Signs of spring are hard to miss

Signs of spring are hard to miss. Many colors of new growth begin replacing the muted greys and browns of yards and forests.

Violets and spring beauties dot greening lawns with purple, pink and white flowers. The white blossoms of service berry and dogwood, and the deep pinks of redbud trees add color to blue skies.

Woodland wildflowers such as Dutchman’s breeches, bloodroot and may apples bloom on the forest floor, while overhead, elms and maples sprout small blossoms and new, lime-green leaves.

Mourning cloak butterflies, which overwintered in tree cavities, are emerging now. Their rippling flight adds grace and color to the landscape. Bees, moths and wasps help usher in the season by pollinating many of the first spring wildflowers.

Migratory birds join the year-round residents. They feast on the emerging insect life and fill the air with their songs of courtship.

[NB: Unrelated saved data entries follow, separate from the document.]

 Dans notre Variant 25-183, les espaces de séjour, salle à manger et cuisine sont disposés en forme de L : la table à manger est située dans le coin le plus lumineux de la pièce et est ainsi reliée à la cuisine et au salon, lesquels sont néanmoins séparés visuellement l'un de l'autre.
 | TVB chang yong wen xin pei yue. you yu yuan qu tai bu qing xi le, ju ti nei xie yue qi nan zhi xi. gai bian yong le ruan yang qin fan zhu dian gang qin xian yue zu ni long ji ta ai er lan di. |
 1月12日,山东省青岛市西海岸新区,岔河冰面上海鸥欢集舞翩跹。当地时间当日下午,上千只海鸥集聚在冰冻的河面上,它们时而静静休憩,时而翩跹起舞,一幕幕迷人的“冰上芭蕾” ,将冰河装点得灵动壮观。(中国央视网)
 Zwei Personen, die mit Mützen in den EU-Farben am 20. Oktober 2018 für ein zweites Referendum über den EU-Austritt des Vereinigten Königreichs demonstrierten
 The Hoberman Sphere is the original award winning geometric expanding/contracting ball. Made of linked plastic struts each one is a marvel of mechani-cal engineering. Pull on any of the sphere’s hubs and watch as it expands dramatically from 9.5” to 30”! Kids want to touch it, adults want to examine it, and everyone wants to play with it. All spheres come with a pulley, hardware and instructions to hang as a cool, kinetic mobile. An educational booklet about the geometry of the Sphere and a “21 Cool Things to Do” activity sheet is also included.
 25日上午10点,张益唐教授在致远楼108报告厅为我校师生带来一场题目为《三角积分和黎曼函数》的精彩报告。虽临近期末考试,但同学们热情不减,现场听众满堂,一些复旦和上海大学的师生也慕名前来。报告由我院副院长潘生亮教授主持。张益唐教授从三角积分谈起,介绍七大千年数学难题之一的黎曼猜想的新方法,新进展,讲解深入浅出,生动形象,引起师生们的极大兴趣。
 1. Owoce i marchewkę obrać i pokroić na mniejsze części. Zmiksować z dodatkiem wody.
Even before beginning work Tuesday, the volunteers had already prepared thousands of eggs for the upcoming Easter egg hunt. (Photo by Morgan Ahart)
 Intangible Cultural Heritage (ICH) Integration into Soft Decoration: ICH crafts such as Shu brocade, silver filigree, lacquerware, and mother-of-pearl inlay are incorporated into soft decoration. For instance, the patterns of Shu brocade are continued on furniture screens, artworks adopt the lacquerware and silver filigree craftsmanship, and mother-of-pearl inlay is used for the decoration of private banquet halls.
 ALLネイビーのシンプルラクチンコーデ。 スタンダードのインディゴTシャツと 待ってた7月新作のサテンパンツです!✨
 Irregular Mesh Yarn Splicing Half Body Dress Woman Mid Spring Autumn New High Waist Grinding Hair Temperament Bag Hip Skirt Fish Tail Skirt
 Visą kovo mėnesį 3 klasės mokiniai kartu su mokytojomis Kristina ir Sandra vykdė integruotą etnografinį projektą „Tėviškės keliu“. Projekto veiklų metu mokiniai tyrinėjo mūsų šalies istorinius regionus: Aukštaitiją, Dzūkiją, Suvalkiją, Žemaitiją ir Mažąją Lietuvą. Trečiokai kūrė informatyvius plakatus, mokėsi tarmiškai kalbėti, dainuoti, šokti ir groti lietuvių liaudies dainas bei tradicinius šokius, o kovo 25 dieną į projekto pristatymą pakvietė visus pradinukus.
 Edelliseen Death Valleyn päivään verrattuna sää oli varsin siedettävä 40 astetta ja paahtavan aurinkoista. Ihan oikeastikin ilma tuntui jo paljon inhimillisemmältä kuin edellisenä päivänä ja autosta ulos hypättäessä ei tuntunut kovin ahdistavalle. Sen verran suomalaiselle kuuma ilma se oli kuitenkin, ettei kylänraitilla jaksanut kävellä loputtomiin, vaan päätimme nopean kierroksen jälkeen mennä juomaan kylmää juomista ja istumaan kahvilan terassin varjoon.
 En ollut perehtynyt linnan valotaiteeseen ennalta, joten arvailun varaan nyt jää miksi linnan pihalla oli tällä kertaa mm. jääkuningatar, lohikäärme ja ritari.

At twilight, bats appear. In flight, they beat their wings continually. With erratic dodging, and short, soaring sweeps, they pursue insects.

On warm nights, at shallow ponds and roadside ditches, spring peeper frogs call mates with clear, bird-like, “peeps.” The sustained, musical trills of American toads add to the chorus.

Springing serviceberry

• The flowering of the downy serviceberry is one of springtime’s main attractions.

• A serviceberry looks like a shrub or small tree with a narrow rounded crown.

• Its bark is light gray and smooth when young, turning to dark gray and shallow grooves with long ridges as it ages.

• The serviceberry usually flowers from March to May, often before leaves emerge. Its flowers have white petals.

• The serviceberry usually fruits in June and July, producing reddish-purple berries.

• Serviceberry trees usually grow to be 40 feet tall.